South Africa, Shakespeare, and Post-Colonial Culture
(Edwin Mellen Press, 2005)
This book works within the frameworks of post-colonial studies and cultural studies in order to theorize, and then to illustrate, the possibilities for cultural creation in the context of oppression. It re-works the concept of hybridity, and the philosophies of liberalism and humanism, in order to suggest that these important and much-contested terrains within critical theory have specific potential in a South African context. This book applies these theoretical points to a trajectory of writing in English in the region, which it finds embodied in the writing of Solomon Plaatje, Peter Abrahams, Es’kia Mphahlele, Bloke Modisane, and Can Themba. By seeking to unlock the complex and sometimes contradictory ways in which Shakespeare is useful to these writers, the book addresses the traditional imbalance of knowledges in Shakespeare Studies by conceptualizing the presence of Shakespeare in these texts as indicative of an act of cultural appropriation and political resistance. Ultimately, the book makes a contribution to post-colonial and cultural studies’ engagements with how culture works, how resistance is inscribed, and what role theory can play in the neo-colonial world.

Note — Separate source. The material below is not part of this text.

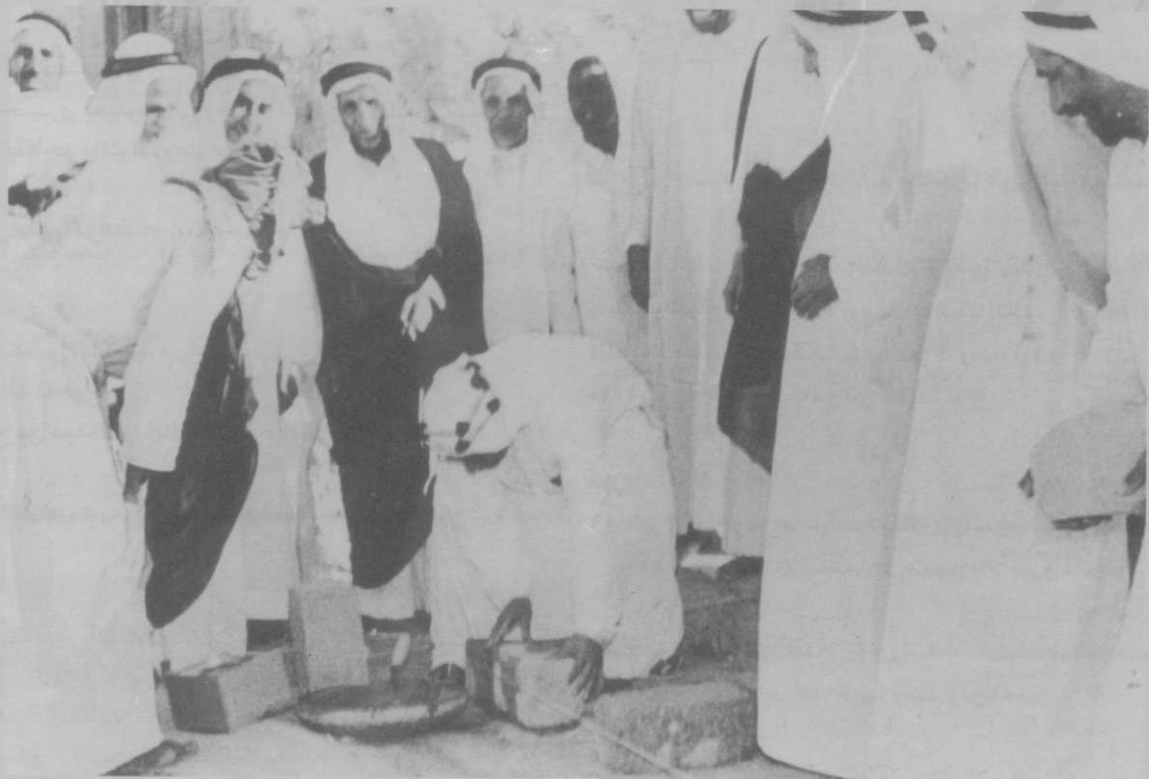
الشيخ عبدالله الجابر رحمه الله يضع حجر بناء أحد المساجد بحضور بعض أعضاء شؤون الأوقاف في الخمسينيات

Under Construction: ‘Race’ and Identity in South Africa Today
Edited by Natasha Distiller and Melissa Steyn (Heinemann, 2004)
Under Construction: 'Race' and Identity in South Africa Today takes for granted that 'race' is a social and not a biological category. The concept of 'race' is therefore open to construction, deconstruction, reconstruction, resistance, subversion and challenge.
Through the genres of cartoon, performance art, photography, poetry, short story, dialogue, discourse analysis and academic essay, the contributors - including Zapiro, Sandile Dikeni, Ashraf Jamal and Anton Kannemeyer - attempt to answer questions about lived experience in contemporary South Africa and the challenges and hopes which these experiences embody.
Under Construction: 'Race' and Identity in South Africa Today investigates and engages with 'race' as one of the primary categories of identity - and one that continues to define access and daily experience - in 'post-apartheid' South Africa'.